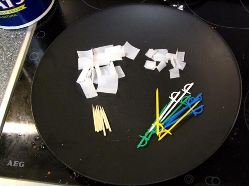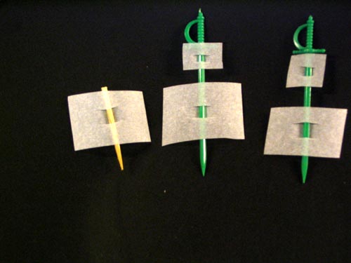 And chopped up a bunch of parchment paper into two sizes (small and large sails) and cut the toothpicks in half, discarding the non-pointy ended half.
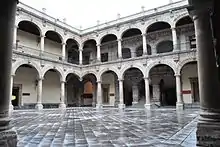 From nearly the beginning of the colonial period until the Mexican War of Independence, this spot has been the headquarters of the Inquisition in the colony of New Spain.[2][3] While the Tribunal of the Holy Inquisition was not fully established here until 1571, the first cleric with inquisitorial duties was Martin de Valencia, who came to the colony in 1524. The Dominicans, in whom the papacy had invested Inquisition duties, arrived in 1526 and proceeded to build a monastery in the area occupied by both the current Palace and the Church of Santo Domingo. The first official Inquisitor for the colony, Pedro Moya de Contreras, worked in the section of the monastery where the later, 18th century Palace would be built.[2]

------------

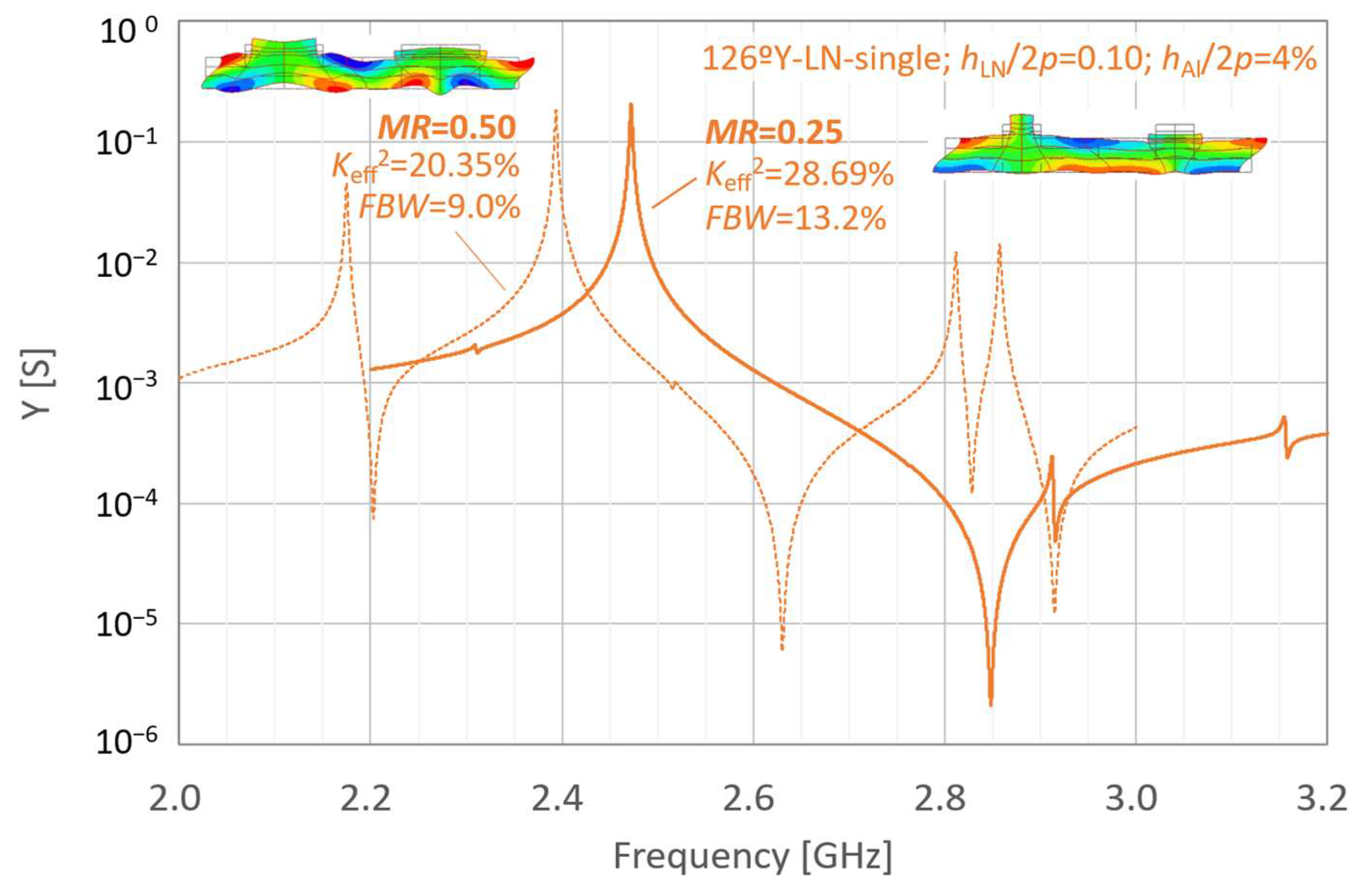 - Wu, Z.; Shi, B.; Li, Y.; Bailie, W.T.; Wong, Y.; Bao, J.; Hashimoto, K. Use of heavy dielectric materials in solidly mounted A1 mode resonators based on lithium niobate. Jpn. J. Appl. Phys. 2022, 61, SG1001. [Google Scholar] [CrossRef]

------------

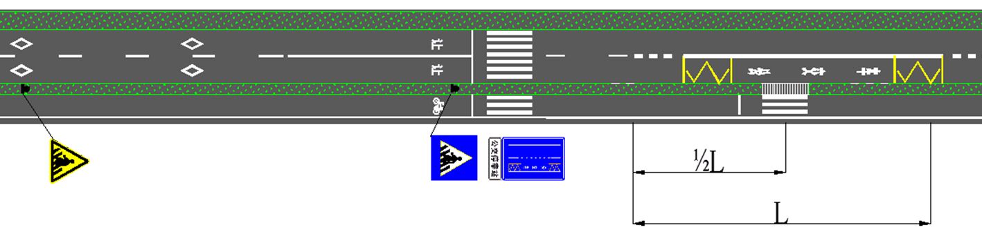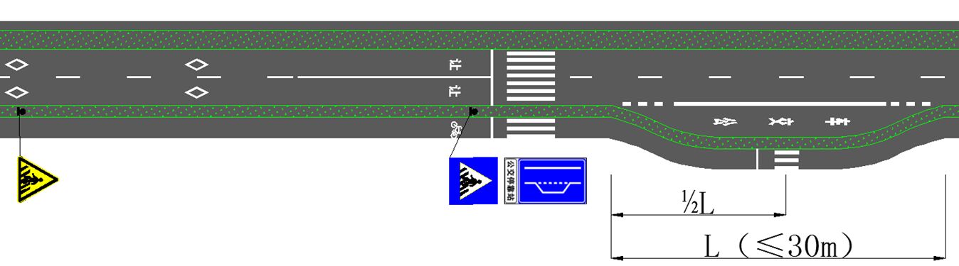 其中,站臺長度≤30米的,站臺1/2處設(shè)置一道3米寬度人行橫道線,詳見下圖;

------------

◆ **TASK GOAL**: Exact copy, no pictures. Write out the lines in the entries above, starting with the line with "And chopped up" and going on through the line with "From nearly the", keeping both.

◆ **EXERCISE RESULT**:
 And chopped up a bunch of parchment paper into two sizes (small and large sails) and cut the toothpicks in half, discarding the non-pointy ended half.
 From nearly the beginning of the colonial period until the Mexican War of Independence, this spot has been the headquarters of the Inquisition in the colony of New Spain.[2][3] While the Tribunal of the Holy Inquisition was not fully established here until 1571, the first cleric with inquisitorial duties was Martin de Valencia, who came to the colony in 1524. The Dominicans, in whom the papacy had invested Inquisition duties, arrived in 1526 and proceeded to build a monastery in the area occupied by both the current Palace and the Church of Santo Domingo. The first official Inquisitor for the colony, Pedro Moya de Contreras, worked in the section of the monastery where the later, 18th century Palace would be built.[2]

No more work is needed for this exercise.